ACTIVITY — Give back exactly the lines of the material below that start at the line containing "- 72C 타입 : 생애최초(3:1), 기관추천(1.1:1)" and end at the line containing "(总)旷野 2025新款空气层提花皱皱纱碎花边工艺款四件套-竹梦,竹梦", and no others.

== SUPPLIED INFORMATION ==

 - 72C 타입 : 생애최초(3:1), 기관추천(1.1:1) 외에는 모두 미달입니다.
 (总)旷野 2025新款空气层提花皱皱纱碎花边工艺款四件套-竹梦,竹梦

===
== SUPPLIED INFORMATION ==

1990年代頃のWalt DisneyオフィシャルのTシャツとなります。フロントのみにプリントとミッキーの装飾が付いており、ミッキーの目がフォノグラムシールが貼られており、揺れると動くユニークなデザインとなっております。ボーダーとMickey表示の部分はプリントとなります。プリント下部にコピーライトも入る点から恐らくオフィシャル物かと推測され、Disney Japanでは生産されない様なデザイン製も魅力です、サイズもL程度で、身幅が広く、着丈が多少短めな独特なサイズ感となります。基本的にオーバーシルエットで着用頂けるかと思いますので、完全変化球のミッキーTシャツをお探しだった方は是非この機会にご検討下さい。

===

RESULT FOR THIS TASK —
 - 72C 타입 : 생애최초(3:1), 기관추천(1.1:1) 외에는 모두 미달입니다.
 (总)旷野 2025新款空气层提花皱皱纱碎花边工艺款四件套-竹梦,竹梦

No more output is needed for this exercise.